5. Il résulte de l'instruction que M. E... F..., qui est élève du Greta d'Armorique dont l'établissement support est le lycée de Morlaix, effectuait un stage d'application en entreprise au sein de la société AB Consultant, implantée à l'aérodrome de Cerny situé à la Ferté-Alais (91), dans le cadre d'une convention signée les 5 et 17 octobre 2006. Le 6 avril 2007, alors qu'il était au volant d'un véhicule tractant une plateforme supportant un hélicoptère de type Alouette II et réalisait une marche arrière, il heurta un ou deux hélicoptères au sol de type Bell (47 et 206).

6. En premier lieu, le stagiaire, M. F..., s'il est resté durant son stage d'application en milieu professionnel sous statut scolaire et sous l'autorité et la responsabilité du chef d'établissement de formation, en l'occurrence le lycée de Morlaix, établissement support du Greta d'Armorique, où il préparait un baccalauréat professionnel Aéronautique, ce stagiaire pouvait procéder à des manoeuvres ou manipulations sur les machines, produits ou appareils de production. Dans ces conditions, il n'était pas placé sous la surveillance des membres de l'enseignement public au sens de l'article L. 911-4 du code de l'éducation, en vertu duquel, dans sa rédaction applicable, dans tous les cas où la responsabilité de ces membres se trouve engagée à la suite ou à l'occasion d'un fait dommageable commis, soit par les élèves ou les étudiants qui leur sont confiés à raison de leurs fonctions, soit au détriment de ces élèves ou de ces étudiants dans les mêmes conditions, la responsabilité de l'Etat est substituée à celle desdits membres de l'enseignement qui ne peuvent jamais être mis en cause devant les tribunaux civils par la victime ou ses représentants. Par suite, ainsi que le demande le ministre de l'éducation nationale et de la jeunesse, l'Etat doit, en tout état de cause, être mis hors de cause.

7. En deuxième lieu, si les requérants soutiennent que le stagiaire, M. E... F..., a commis une faute d'imprudence, la loi n° 57-1424 du 31 décembre 1957 susvisée interdit à Cour, à l'instar de toute juridiction administrative, de statuer sur toute action en responsabilité tendant à la réparation des dommages causés par un véhicule. En outre, par un jugement en date du 8 novembre 2019, devenu définitif, versé à l'instance, le Tribunal de grande instance d'Evry a rejeté les conclusions présentées par M. C..., la société France Copter et la société AB Consultant tendant à la mise en cause de la responsabilité extracontractuelle tant de M. F..., stagiaire, que du lycée de Morlaix, aux droits duquel vient le lycée Yves-Thépot de Quimper, à raison des faits survenus le 6 avril 2007. Ainsi, la juridiction judiciaire n'a pas retenu la responsabilité quasi-délictuelle de M. F... ni celle du lycée Yves-Thépot.
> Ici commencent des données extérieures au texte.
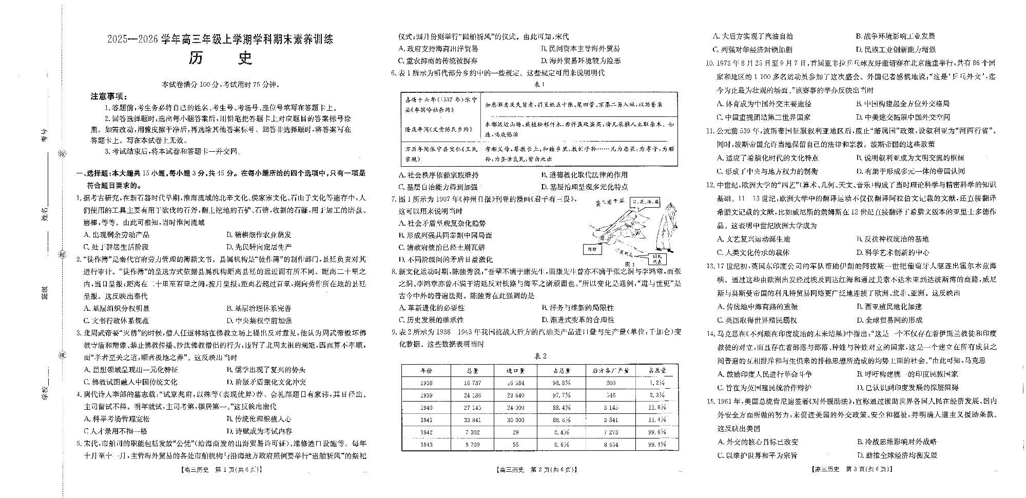 江西省2025-2026学年高三年级上学期学科期末素养训练 历史.pdf

8. En troisième et dernier lieu, aux termes de l'article 7 de la convention de stage : " En cas d'accident causé à des tiers ou à d'autres ouvriers de l'entreprise par le fait des stagiaires, à l'occasion de leur présence sur les lieux de travail, la responsabilité civile du chef d'entreprise ne peut être engagée, du fait de la souscription d'une assurance par le chef d'établissement support couvrant cette responsabilité ".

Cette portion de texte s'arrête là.